Grrl gang



So just what the heck is a "girl group" supposed to sound like in the year 2000? There’s still a specter hanging over the moniker, certainly. Intact images of rebel girls in love, perfectly ratted hair, miniskirts and spot-on backing vocals litter the popular landscape. Empowered proto-grrls such as Ronnie Spector and the Shangri-Las provided B-movie auteurs such as Herschell Gordon Lewis (anyone remember such gems as Gore Gore Girls or She-Devils on Wheels?) with inspiration and pop-culture permission for deb-girl-gang exploitation flicks that, today, are past retro-kitsch chic and have settled into a quiet corner of our pop culture unconscious.
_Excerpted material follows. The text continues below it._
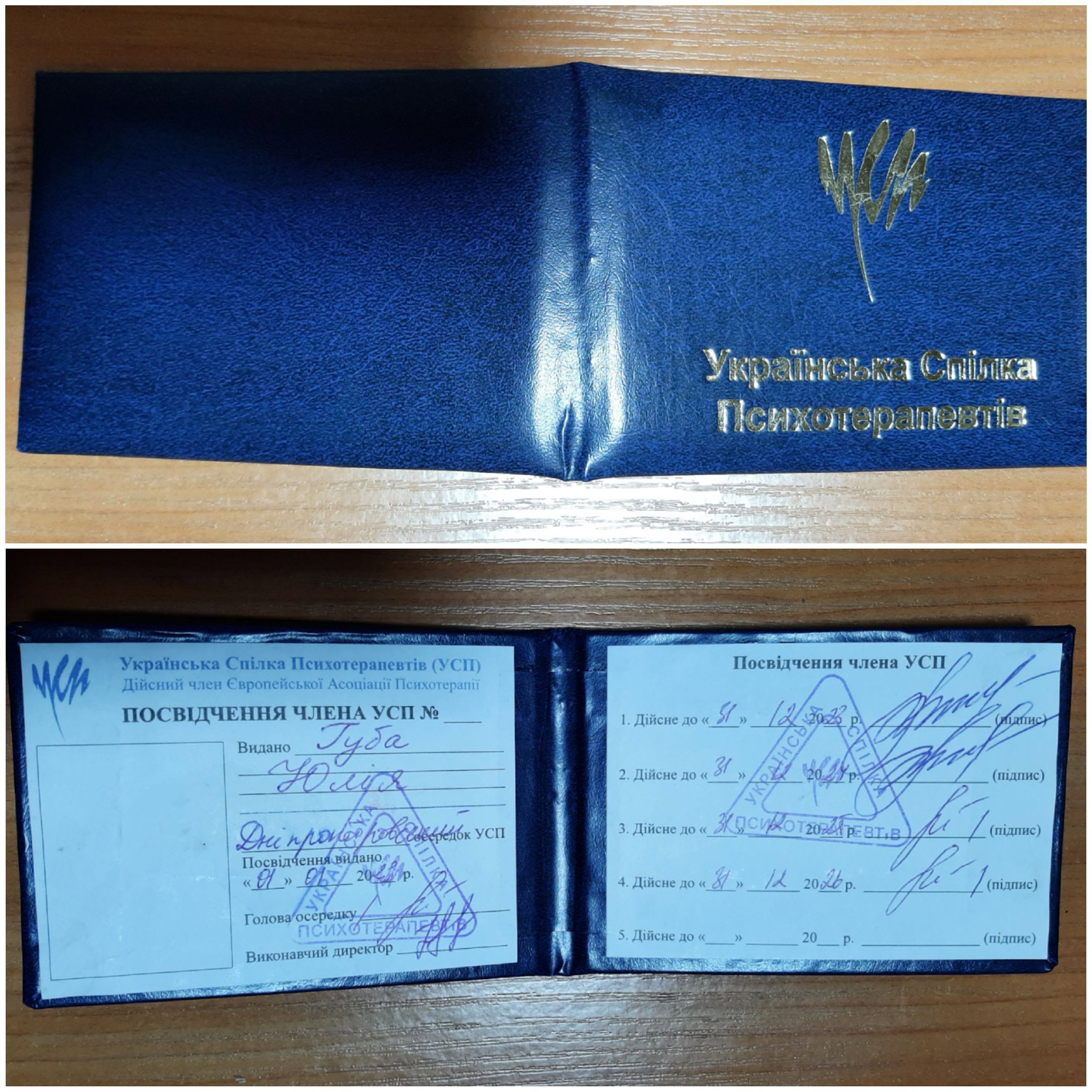 Ноябрь 2023 г. – Совместный симпозиум УСП (Украинского Союза психотерапевтов), ЕАР и NAO Чешской республики, повышение квалификации по психотерапии, сертификат.

The girl-gang aesthetic and myth was semisuccessfully used by a high-grade, lowbrow Svengali named Kim Fowley to create a gang of his own named the Runaways. And the riot grrl crew successfully absorbed the tough-as-leather Jett, Ford, Currie and company into their own righteous musical agenda, as well as the punk DIY language, ethos and techniques, subverting decades of not only pop culture, but also a male-dominated musiculture and all of its corporate baggage.

So it is that Berlin’s Cobra Killer is the very epitome of a "girl group" in the year 2000 – an extension of "Oh Bondage, Up Yours!" and a reappropriation of inappropriate sleaze. And, most of all, Cobra Killer’s exceedingly visceral despite a skittish, distracting surface.

This duo’s radical reinvention of the ‘60s girl group-via-DIY punk-via-post-postmodern cultural pastiche has kicked off the new musical century with an agitated shout. Cobra Killer – comprised of Gina D’Orrio and Annika – ups the ante on the recent cut-and-paste, homemade collage-pop of contemporaries and comrades such as Cibo Mato and, particularly, Kathleen Hanna’s Julie Ruin persona. The sampled rumblings – usually long-forgotten scores from long-forgotten flicks – support the beguile-and-berate shouts, rants, readings and staccato blasts of vocals that personify the affair. But, behind the kitsch, the volume and the exceedingly short attention span, D’Orrio and Annika craft a subtler mix of rhythm, noise, beats and assertions that flit away from any funk before the boredom sets in. They’ve tapped into a vision of a common, chaotic, urban unconscious with the sonic tools of an obsolete man-culture. And, you know what? One can’t help but imagine an unironic smile springing from the duo as they pull their own strings.